To select the independent predictors, Spearman’s rho was evaluated between each predictor and Miller-Payne grade and between each pair of predictors. Spearman’s rho is more appropriate for assessing the relationship for both continuous and discrete variables. Note that both training and testing data were combined to assess the predictors and the Spearman’s rhos reported in this section are from the entire cohort of both earlier and new data (Table 2). To compute rho, the tumor HER2, ER, and TN status were coded as: 1 for TN and 0 for otherwise; 1 for HER2⁺ and 0 for HER2^–; and 0 for ER⁺ and 1 for ER^–. Note that 1 presents increased probability of achieving pCR and 0 otherwise.
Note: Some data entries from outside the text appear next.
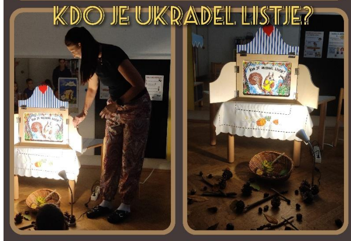
KDO JE UKRADEL LISTJE?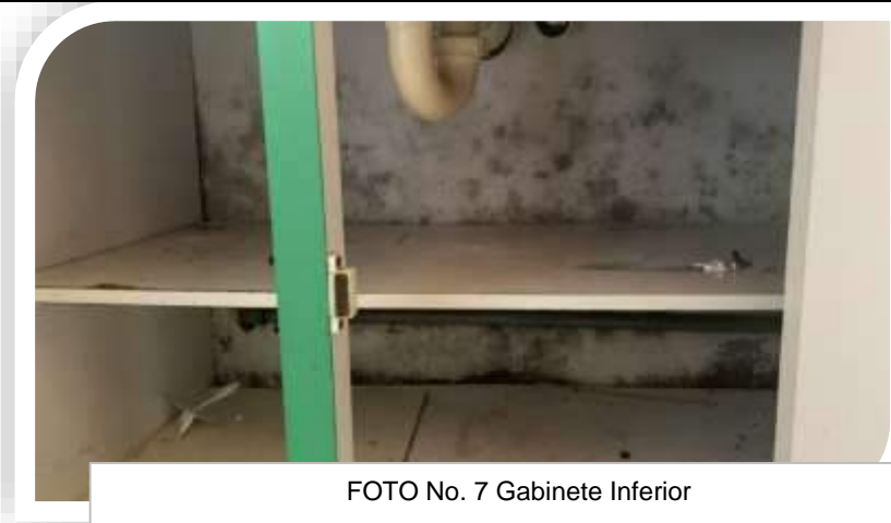
FOTO No. 7 Gabinete Inferior

En atención a la orden de trabajo 20245840010183 del dieciocho (18) de Agosto del 2024, el cual hace parte integral el Expediente No. 2024584490100576E de 2024 de la INSPECCIÓN OCTAVA “G” DISTRITAL DE POLICÍA de la ALCALDIA LOCAL DE KENNEDY , se realiza visita técnica mediante un registro fotográfico y ocular al predio localizado en la LOCALIZACIÓN DE PREDIO Calle 6 N.o 80b-89 T7 interior 1 apto 403 y 503 Direcciones que corresponde al querellante y al querellado, con el fin de conceptuar los siguientes aspectos: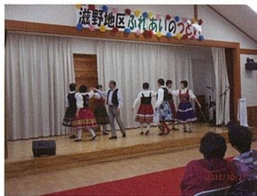
フォークダンス教室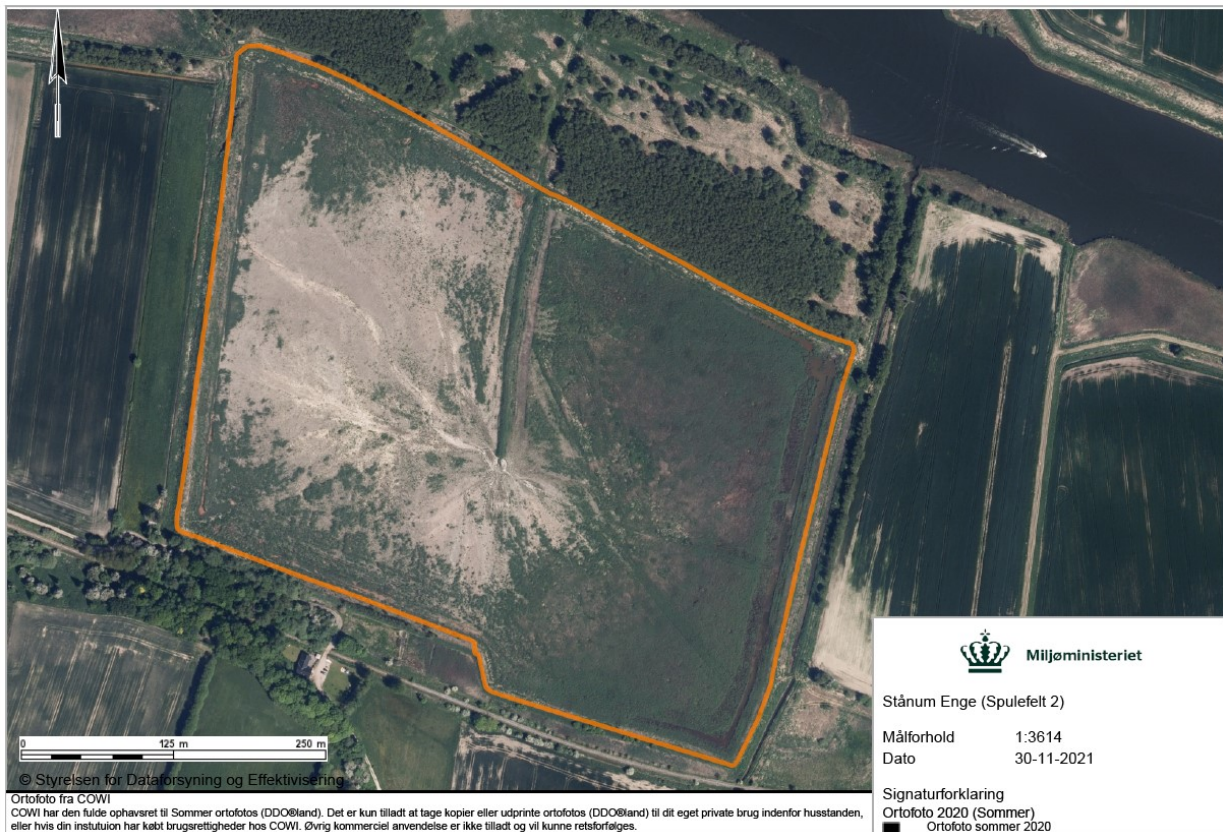
Figur 3.: Nærbillede af Havbundssedimentdepot 2 – Stånnum – optegning er en skitsering af det aktive havbundssedimentdepot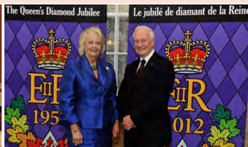
À Regina, Son Excellence a rencontré Son Honneur l'honorable Vaughn Solomon Schofield, lieutenant-gouverneur de la Saskatchewan.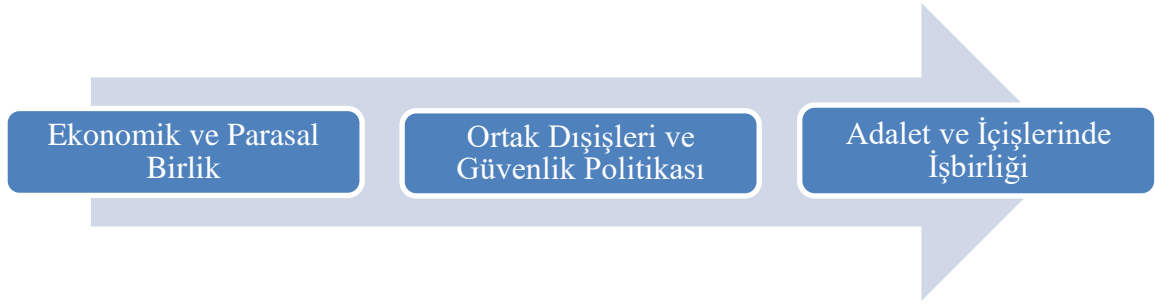
Şekil 1 : Maastricht Anlaşması ile Oluşturulan 3 Sütun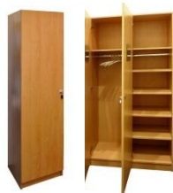
Garderobenschrank / Wardrobe GERDA

Buche, abschließbar beech, lockable 50 x 43 cm, H: 210 cm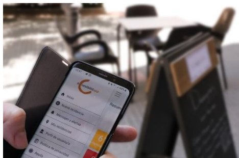
FEGADI Y SU MOVIMIENTO ASOCIATIVO REIVINDICAN UNA ACCESIBILIDAD UNIVERSAL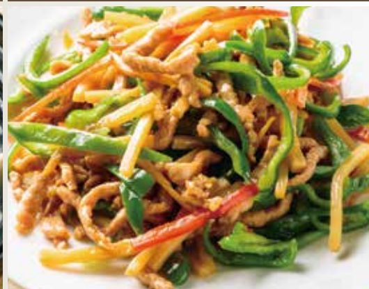
◆青椒肉絲 (チンジャオロース) 680円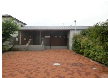
堀江二丁目自治会集会所・ 江川第一クラブ会館

主に地域の自治会活動などの拠点施設として、自治会集会所が64施設あります。一部の地区を除き、市域全域に整備されています。近年では、老人クラブと合築したり、市民活動団体との協働による事業の実施など、形態や用途が幅広くなっています。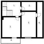
2. PATRO 1. Chodba 2. Kuchyně 3. Ložnice 4. Balkon 5. Pokoj 6. Úložný prostor

Both HER2 and ER are highly correlated with Miller-Payne grade (rho = 0.45, P < 0.001; rho = 0.29, P = 0.035) and are independent of each other (rho = 0.01, P = 0.928); thus, they were selected as predictors. TN tumors did not have a significant correlation with Miller-Payne grade (rho = 0.124, P = 0.362). However, TN was selected as a predictor because it is used clinically to characterize this group of patients. Among tumor pathological parameters, NS is a traditional pathological variable used by oncologists to predict response. NS is highly correlated with mitotic counts (rho = 0.82, P < 0.001). Thus, only NS was selected as an independent pathological predictor and used in each HER2, ER, and TN subtypes to predict response.Baseline tHb and %tHb changes measured during first three treatment cycles are highly correlated with Miller-Payne grade ( see Table 2) and were selected to assess the optimal time window to predict response.

A two-sample two-sided t test was used to calculate the statistical significance for comparisons between responder groups, and a difference with a P value of 0.05 was considered significant. The t test was also used to test the difference between AUCs of different prediction models when their 95% CIs overlapped. Minitab 17 software (Minitab, State College, PA) was used for statistical calculations.